I have been around a few Buddhist chat rooms since the advent of Netscape (boy, that was a few years ago!). It took me a long time to connect all the stars and see the constellation of what was happening. Let’s call it the constellation Vicarious. Vicariously, one may experience in their imagination, all the richness of ancient Chinese Zen just by reading books.
Whether we are in a Zen chat room on the Internet or participate in a number of Reddit Zen subs, basically, a vicarious Zen life is being experienced.
When a participant in a chat room posts a paragraph from Blofeld’s translation of Huang Po (Huangbo) this participant is essentially saying this paragraph speaks for me and all that it implies. But this is a fallacy insofar as it misleads others into unconsciously associating the poster with the wise words of Huang Po—a poster who never once went through the Buddhist training that Huang Po went through.
When someone comes home from a hard day’s work and decides to read Huang Po just before going to bed, they are deceiving themselves to a certain degree. The kinship they feel with the words in the book does not mean they are getting enlightened. It is only a sympathetic participation realized through their imagination. It is the same as if someone were to read Einstein or a book on mountaineering. Does reading Einstein make this person a mathematician or does reading a book on mountaineering make one a mountain climber? Hardly.

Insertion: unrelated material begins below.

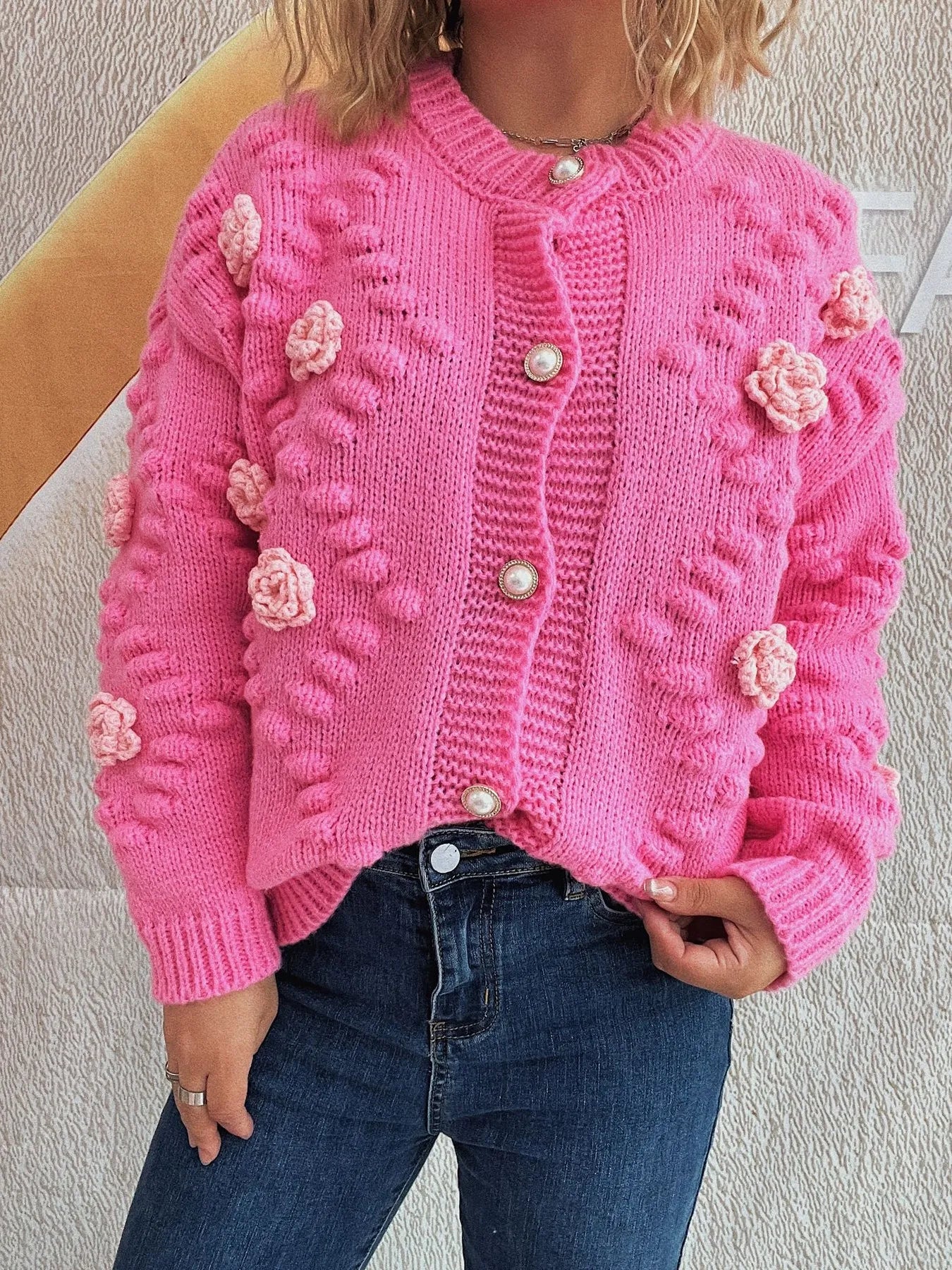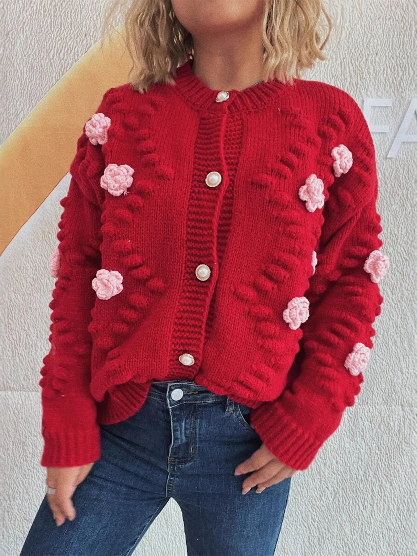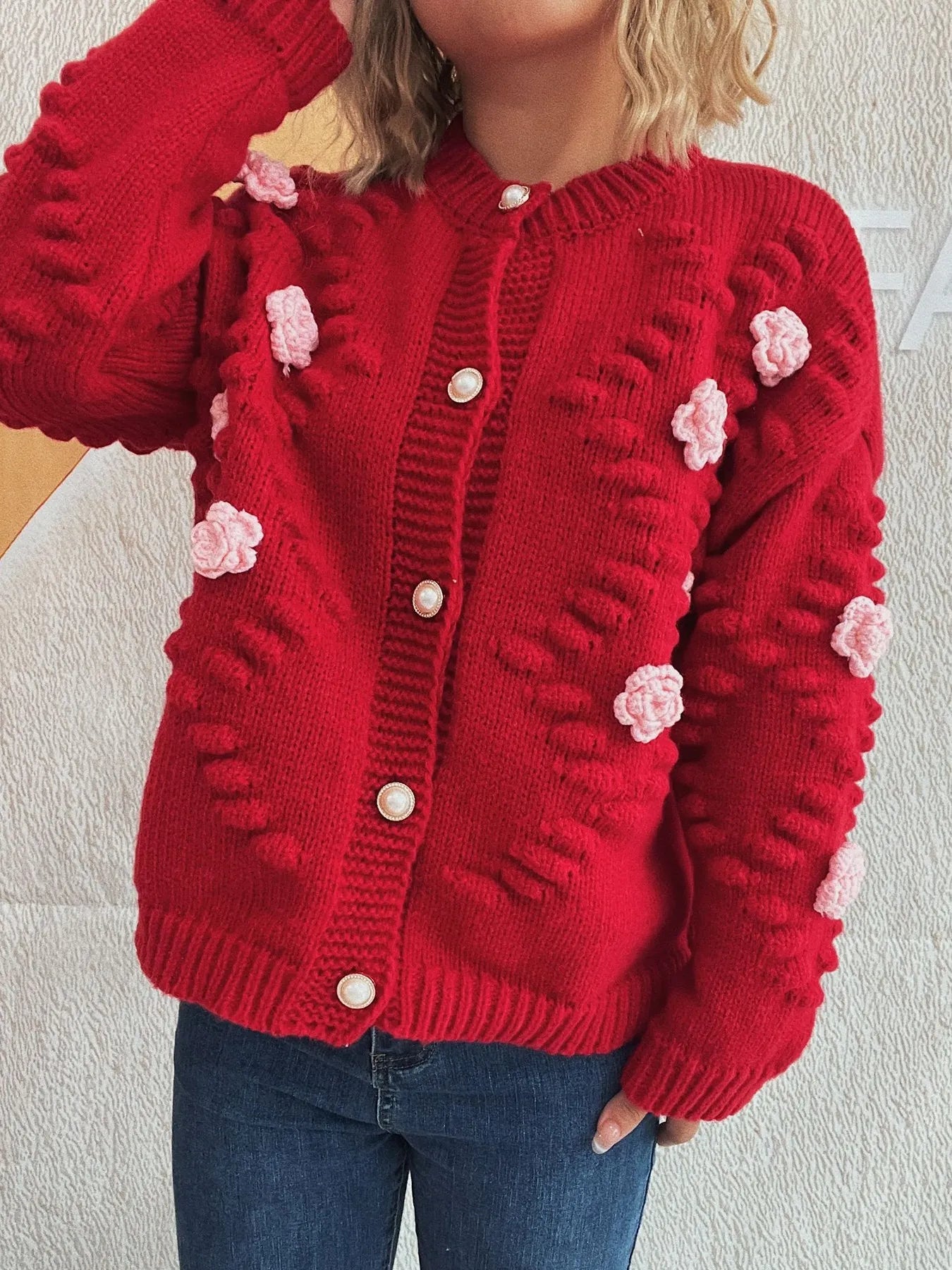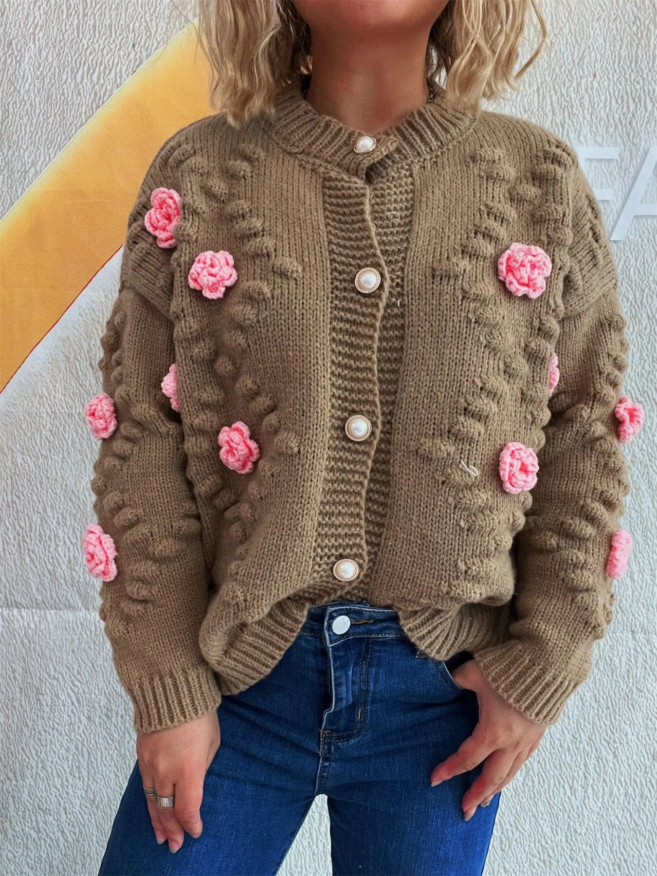 Flower Button Up Long Sleeve Cardigan

Going to a Zen chat room or reading my favorite Zen master still falls under the definition of vicarious. I would be inclined to argue that joining a Zen community and sitting in zazen with fellow members is still very much of a vicarious endeavor as if to say, “I hope to be like a Zen master someday,” without going through the actual difficult struggle of being challenged, then having to meet Zen master Dahui's 'great doubt' 大疑 face to face being totally empty and forlorn.